In keeping with the purity of the message, Chris RWK keeps his lines thick and his color fields solid. Though he’s a firm hand with a spray paint can, he does not tend to go for the aerosol virtuosity of Mustart or the labyrinthine designs of Clarence Rich. Instead, his robotic character is rendered in a few bold strokes: a modest chassis that suggests the protagonist could stand to do a few more robot push-ups and a head that resembles a toaster stood on its side. Because one of the slash-like eyes is always longer than the other, it always looks like the robot is turning in the direction of the viewer. It’s funny how a simple visual gesture can create such a persuasive illusion, but teaching us to respect the power of small gestures is one of the artist’s missions.

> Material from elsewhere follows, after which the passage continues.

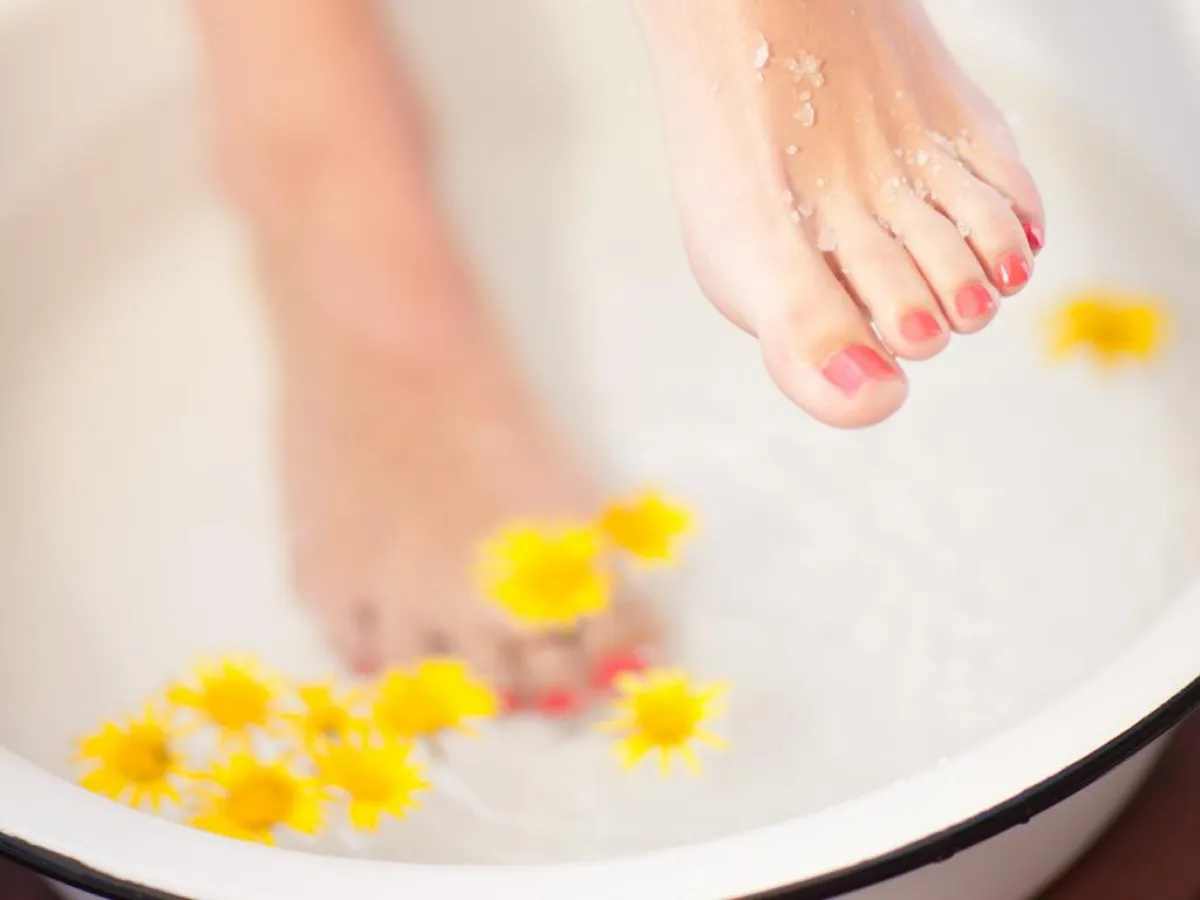 1. ضعي قدميكِ في إناء كبير مملوء حتى المنتصف بالماء السَّاخن، قدر تحمُّلك، مع ضرورة إبقاء القليل من الماء الساخن بجانبكِ، لإضافته إلى الإناء، كلَّما شعرتِ بانخفاض سخونة الماء.

Because of his affection for his character, Chris RWK can’t let him face the night alone. Light is usually falling on the robot’s body, suggesting that he’s running his programs in a wider world that extends far beyond the frame. “In the Stars” sanctifies the machine by bathing its body in a halo of golden aerosol. In many of these canvases, the android is joined by a little red bird with an oval eye that takes up most of its face; “I’ll Take All the Advice I Can Get” portrays three birds on the robot’s outstretched arm. Another alights on the robot’s head in “Never Alone.” It’s Woodstock on the roof of Snoopy’s doghouse, here to guide its friend through the anxiety that accompanies modern life. These birds can feel as emotionally manipulative as Disney sidekicks, but they’re pretty cute, and cuteness forgives plenty.

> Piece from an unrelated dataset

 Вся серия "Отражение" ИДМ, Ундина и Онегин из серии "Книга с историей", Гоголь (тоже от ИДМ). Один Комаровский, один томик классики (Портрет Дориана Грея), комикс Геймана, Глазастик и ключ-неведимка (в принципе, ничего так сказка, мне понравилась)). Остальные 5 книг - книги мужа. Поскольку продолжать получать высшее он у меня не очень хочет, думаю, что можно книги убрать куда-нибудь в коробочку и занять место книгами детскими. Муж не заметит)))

As downcast as he can be, the RWK robot is also irrepressible: he pops up in funny places, and when he does, he certainly isn’t shy. In “Unburdened,” he peers back at us from posters, subway maps, and objects liberated from the MTA. The artist emblazons him on spent aerosol cans, and there he simultaneously acts like a proof of street-art concept and a consumer brand. In many of the pieces in the show, he appears to be emerging from a flurry of funny pages from newspapers: in “My Blue Stays True,” he shares space with a representation of Donald Duck. At times he morphs — he can become a baby version of Batman, or a little Death with a skull in the place of the robot head. “Character Development” gives him a scythe, but also a branded sweatshirt and a corporate name tag that reads “I’m a Good Guy, I Swear.” Even the Grim Reaper, it turns out, has romantic leanings. May all our adversaries, mechanical, mythological, or otherwise, have such winning dispositions.